WHAT?!?  That would mean HAVING TWO BOXES OPEN AT THE SAME TIME! That’s CRAZY TALK! Nonsense!  I have to be moved in, with pictures on the walls and the right rugs on the floor, and everything put away, before I could possibly meet and discuss CURRICULUM and OUTCOMES! What, is he speaking GREEK?!?

Yeah. So that’s where I am right now.

And speaking of open boxes…my house is full of a bazillion of them as we slowly sort and pack. And people wonder why I’m a raving lunatic right now…

Don’t Clip My Wings

There’s been a lot of ink (digital or otherwise) sacrificed over the last few months about teachers’ work. Their hours, their work ethics, their supposedly exorbitant pay and pensions (don’t even get me started). So many times, we see outsiders quantify our work with the number of days we’re on official duty during the year, making it seem like we’re part-time employees.  Those who are teachers, or who live with teachers, know that the job (read: obsession) of educating goes far beyond contract days, and, like with many professions, just because we’re doing other things in life doesn’t mean we’re not actively planning and organizing for new and better lessons.
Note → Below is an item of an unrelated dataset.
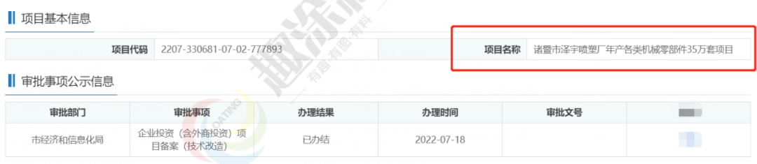 2022年7月18日,諸暨市澤宇噴塑廠,年產(chǎn)各類機(jī)械零部件35萬(wàn)套項(xiàng)目,在市經(jīng)濟(jì)和信息化局,進(jìn)行企業(yè)投資(含外商投資)項(xiàng)目備案(技術(shù)改造)。
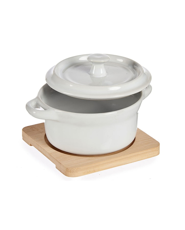 Cazuela cerámica redonda con base bambú

Case in point, this blog entry from one of my favorite inspirational sites, “Learning Like a Hurricane,” by Marsha Ratzel. Her stated experience of spending June reflecting and August honing is recognizable to most of us.  I like having an afternoon commute because it gives me time to mentally sort through what worked, and what didn’t, during my day, and plan ways of directing the next day’s lessons.  The last couple of years have been even better because I’ve gone to and from work with my husband, so an actual, exterior dialogue happens daily on school events and lessons.  While that won’t be happening in my upcoming teaching year, I’m quite capable of having quite vociferous internal dialogues of my own, thank you very much!

I’ve often thought that teaching is like art in many ways; everything experienced, seen, heard, felt becomes fodder for lessons (or parts of lessons). Just as we now realize that part of the reading gap in young children is due to not having the varied life experiences that carry with them vocabulary and frames of reference, so, too, would teaching come hard to someone with a very narrow focus and little imagination.  To be effective, one needs to be able to view things from various sides, transcend disciplinary boundaries, speak on many levels, and balance content and method.

As Ms. Ratzel exhibits above, the catalysts come at the oddest moments.  Anyone who’s ever lived with, or spent time with, a teacher will recognize that spark when the eye brightens, the back straightens, the tail twitches (okay, okay, this latter is probably just because I live with cats…). The teacher has an IDEA. And…she’s off and running.

This is another reason why I could never teach with a canned curriculum, or scripted lessons. I want the freedom to bring in my own fodder and relate it to the objective of the lesson, based on current events, my personality, and, mostly, the personalities of the kids whose butts are in my classroom and their eyes on me. Just as art exists in the space between artist and viewer/listener/reader, so, too, does education occur in the interaction between teachers and students (and that education is multidirectional, mind you).

Having my ability to shape content clipped would, indeed, keep me–and my students–tethered to the ground, when so much of life is elsewhere.

P.S. Thanks to Marsha Ratzel, and I wish I were a student in her classroom!  What an amazing teacher!  More thanks to Clay Burrell, also linked, who’s long been an amazing voice for quality education.